The expected result is an exact restatement of the data, free of pictures.
Information supplied Start Marker
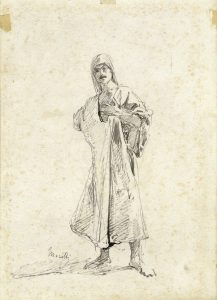Penna e inchiostro. mm 290x210. Firmato in basso a sinistra. Incollato su cartone di supporto.
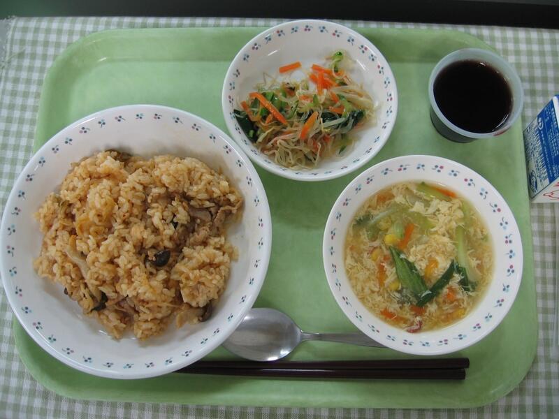 今日の献立は、中華です。主食はキムタク炒飯です。その名の通り、キムチとたくあんが入った炒飯です。今は一般的になっているキムタク炒飯ですが、一番最初は長野県の塩尻市の栄養士さんが発案されたそうです。長野県は野沢菜など漬物が有名で、子供たちにも漬物を食べてほしいという思いから、できたメニューとのことです。確かにキムチとたくあんの相性がよく、たくあんの風味は強すぎないので漬物が苦手な人でも食べやすい一品です。キムチ炒飯自体、三中でも人気の美味しいメニューなので、そこにたくあんが加わった、今日のキムタク炒飯ももりもり食べてもらえたらと思います。
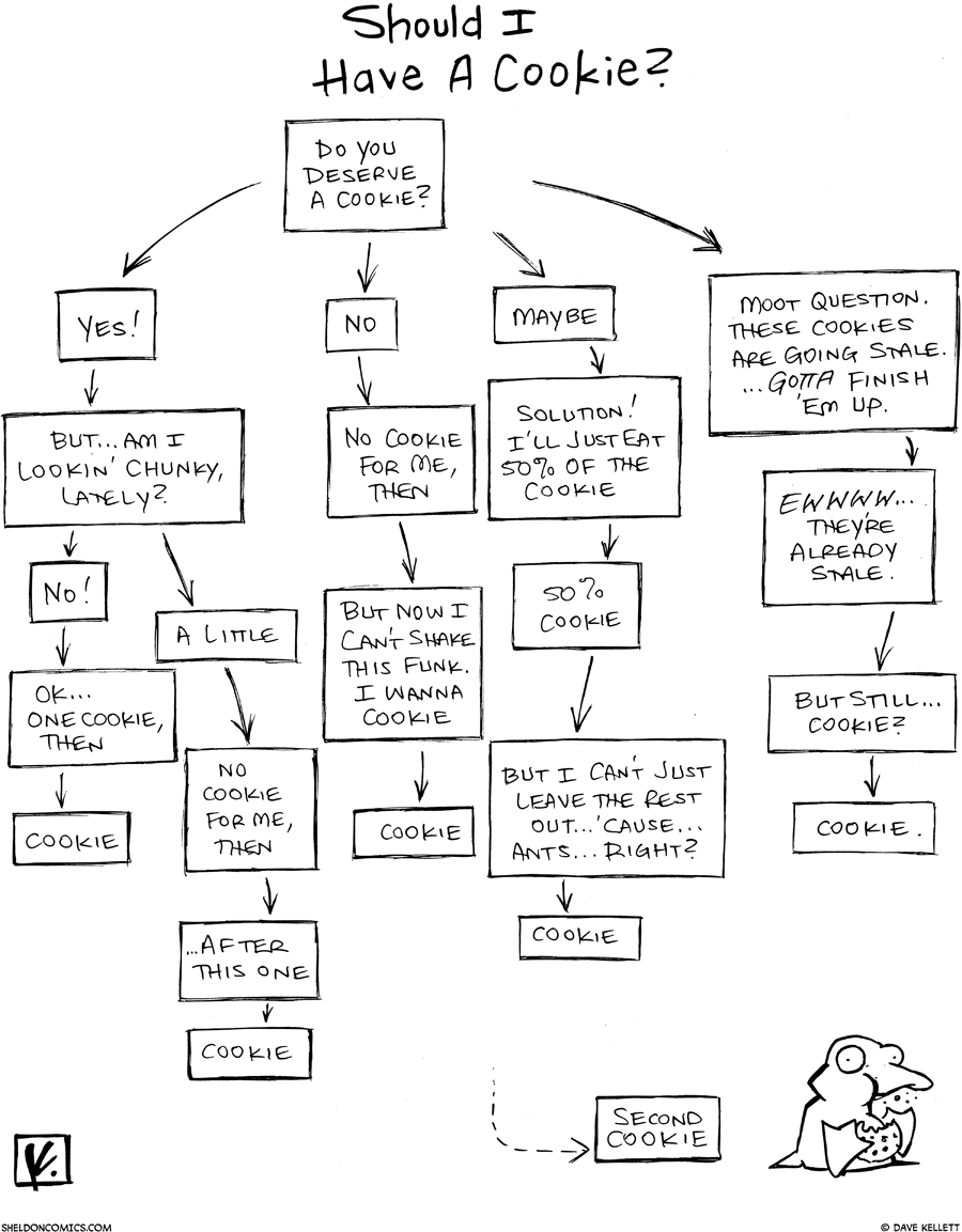 Sheldon asks a classic question — and illustrates the many ways we rationalize things when we think we shouldn’t be doing them. Note that once a bunch of work gets done to rationalize the cookie, the second cookie just happens. Worst-case scenario: you binge.
Information supplied End Marker
Answer section.
Penna e inchiostro. mm 290x210. Firmato in basso a sinistra. Incollato su cartone di supporto.
 今日の献立は、中華です。主食はキムタク炒飯です。その名の通り、キムチとたくあんが入った炒飯です。今は一般的になっているキムタク炒飯ですが、一番最初は長野県の塩尻市の栄養士さんが発案されたそうです。長野県は野沢菜など漬物が有名で、子供たちにも漬物を食べてほしいという思いから、できたメニューとのことです。確かにキムチとたくあんの相性がよく、たくあんの風味は強すぎないので漬物が苦手な人でも食べやすい一品です。キムチ炒飯自体、三中でも人気の美味しいメニューなので、そこにたくあんが加わった、今日のキムタク炒飯ももりもり食べてもらえたらと思います。
 Sheldon asks a classic question — and illustrates the many ways we rationalize things when we think we shouldn’t be doing them. Note that once a bunch of work gets done to rationalize the cookie, the second cookie just happens. Worst-case scenario: you binge.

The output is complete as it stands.